The current advances in electron cryo-microscopy technique have made it possible to obtain protein density maps at about 6-10 A resolution. Although it is hard to derive the protein chain directly from such a low resolution map, the location of the secondary structures such as helices and strands can be computationally detected. It has been demonstrated that such low-resolution map can be used during the protein structure prediction process to enhance the structure prediction.

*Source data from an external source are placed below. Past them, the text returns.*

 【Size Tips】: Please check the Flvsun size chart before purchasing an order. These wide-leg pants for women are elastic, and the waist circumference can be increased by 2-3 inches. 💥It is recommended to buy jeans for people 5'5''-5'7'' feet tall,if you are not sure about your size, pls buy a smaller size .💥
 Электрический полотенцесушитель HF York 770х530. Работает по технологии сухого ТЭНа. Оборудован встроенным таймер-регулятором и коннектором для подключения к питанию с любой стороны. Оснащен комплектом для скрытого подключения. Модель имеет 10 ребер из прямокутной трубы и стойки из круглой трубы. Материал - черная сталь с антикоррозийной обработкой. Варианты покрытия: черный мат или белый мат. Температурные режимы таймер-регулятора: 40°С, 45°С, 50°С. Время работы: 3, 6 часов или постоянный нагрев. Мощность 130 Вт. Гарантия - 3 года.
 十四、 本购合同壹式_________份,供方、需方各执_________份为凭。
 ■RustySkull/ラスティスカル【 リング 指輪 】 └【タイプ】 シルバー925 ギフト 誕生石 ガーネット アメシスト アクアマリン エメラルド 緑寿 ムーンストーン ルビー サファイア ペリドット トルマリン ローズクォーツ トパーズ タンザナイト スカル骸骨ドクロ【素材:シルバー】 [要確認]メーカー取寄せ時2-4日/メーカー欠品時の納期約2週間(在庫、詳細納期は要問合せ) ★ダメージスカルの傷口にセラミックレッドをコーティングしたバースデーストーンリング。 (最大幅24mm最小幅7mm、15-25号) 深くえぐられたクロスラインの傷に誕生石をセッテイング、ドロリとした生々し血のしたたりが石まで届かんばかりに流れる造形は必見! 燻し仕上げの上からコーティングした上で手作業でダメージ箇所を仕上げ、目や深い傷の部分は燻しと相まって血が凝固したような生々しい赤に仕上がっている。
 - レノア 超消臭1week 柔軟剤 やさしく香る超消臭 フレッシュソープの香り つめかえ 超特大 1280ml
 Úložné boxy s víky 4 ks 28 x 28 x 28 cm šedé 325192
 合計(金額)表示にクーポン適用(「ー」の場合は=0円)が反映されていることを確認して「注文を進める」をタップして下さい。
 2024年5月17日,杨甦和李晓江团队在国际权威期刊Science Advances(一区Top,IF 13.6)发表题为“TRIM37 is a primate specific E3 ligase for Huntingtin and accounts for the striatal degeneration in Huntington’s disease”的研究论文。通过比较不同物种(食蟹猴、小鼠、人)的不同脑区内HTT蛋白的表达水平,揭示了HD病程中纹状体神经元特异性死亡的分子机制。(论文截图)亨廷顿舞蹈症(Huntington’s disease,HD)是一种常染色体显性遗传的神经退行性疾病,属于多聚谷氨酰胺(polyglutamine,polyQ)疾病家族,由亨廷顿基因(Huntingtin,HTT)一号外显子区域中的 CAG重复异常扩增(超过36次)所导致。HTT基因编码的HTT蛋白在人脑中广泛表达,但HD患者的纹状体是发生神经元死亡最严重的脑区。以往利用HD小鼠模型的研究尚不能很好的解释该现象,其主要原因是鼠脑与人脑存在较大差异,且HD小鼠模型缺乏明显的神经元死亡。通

We have developed an approach to predict the 3-dimensional structure for the helical skeletons that can be detected from the low resolution protein density map. This approach does not require the construction of the entire chain and distinguishes the structures based on the conformation of the helices. A test with 35 low resolution density maps shows that the highest ranked structure with the correct topology can be found within the top 1% of the list ranked by the effective energy formed by the helices.

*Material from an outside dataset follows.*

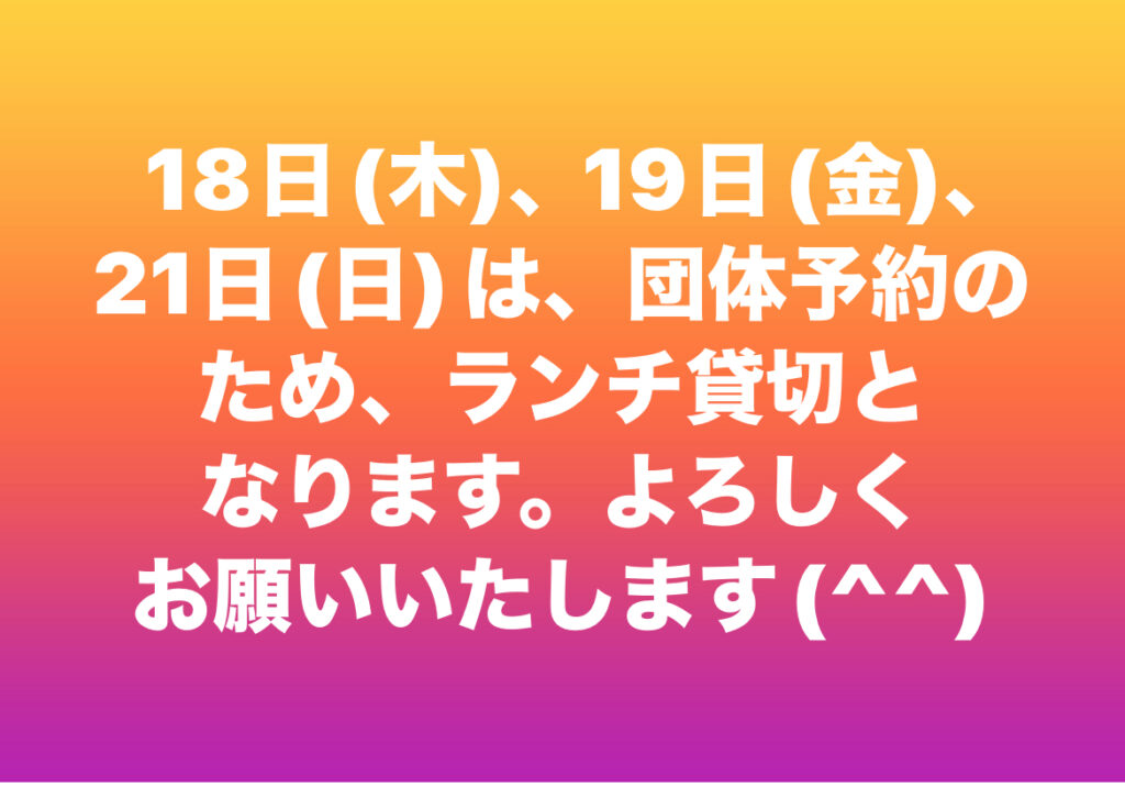 ランチ貸切のお知らせ 18日、19日、21日

The results in this paper suggest that it is possible to eliminate the great majority of the bad conformations of the helices even without the construction of the entire chain of the protein. For many proteins, the effective contact energy formed by the secondary structures alone can distinguish a small set of likely structures from the pool.

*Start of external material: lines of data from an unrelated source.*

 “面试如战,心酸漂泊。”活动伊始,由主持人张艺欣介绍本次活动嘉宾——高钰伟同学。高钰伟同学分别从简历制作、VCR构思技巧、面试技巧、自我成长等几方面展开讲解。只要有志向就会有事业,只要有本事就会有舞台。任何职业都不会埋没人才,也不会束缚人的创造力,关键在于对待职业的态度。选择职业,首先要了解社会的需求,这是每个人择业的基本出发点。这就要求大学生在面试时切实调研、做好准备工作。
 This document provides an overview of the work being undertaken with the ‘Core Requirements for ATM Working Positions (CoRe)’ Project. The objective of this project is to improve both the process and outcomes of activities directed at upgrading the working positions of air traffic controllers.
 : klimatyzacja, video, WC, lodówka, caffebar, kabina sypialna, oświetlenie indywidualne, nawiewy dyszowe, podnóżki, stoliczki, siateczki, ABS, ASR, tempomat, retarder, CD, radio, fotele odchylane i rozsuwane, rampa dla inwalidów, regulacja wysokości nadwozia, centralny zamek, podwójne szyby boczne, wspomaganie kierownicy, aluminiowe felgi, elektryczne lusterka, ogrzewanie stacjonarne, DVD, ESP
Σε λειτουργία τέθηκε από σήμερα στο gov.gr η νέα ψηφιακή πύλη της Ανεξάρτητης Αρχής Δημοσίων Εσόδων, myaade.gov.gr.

目前电子低温显微镜技术的进展已经使得在约 6-10埃分辨率下获得蛋白质密度图成为可能。尽管很难从如此低的分辨率图中直接推导出蛋白质链,但可以通过计算来检测二级结构如螺旋和链的位置。已经证明,这种低分辨率的地图可以在蛋白质结构预测过程中使用,以增强结构预测。
我们已经开发了一种从低分辨率蛋白质密度图中检测到的螺旋骨架的三维结构预测方法。该方法不需要构建整个链,并基于螺旋的构象来区分结构。对 35 个低分辨率密度图的测试表明,在通过螺旋形成的有效能量排序的列表中,排名前 1%的结构中可以找到具有正确拓扑结构的最高排名结构。
本文的结果表明,即使不构建蛋白质的整个链,也有可能消除螺旋的绝大多数不良构象。对于许多蛋白质来说,仅由二级结构形成的有效接触能量就可以将一小部分可能的结构从池中区分出来。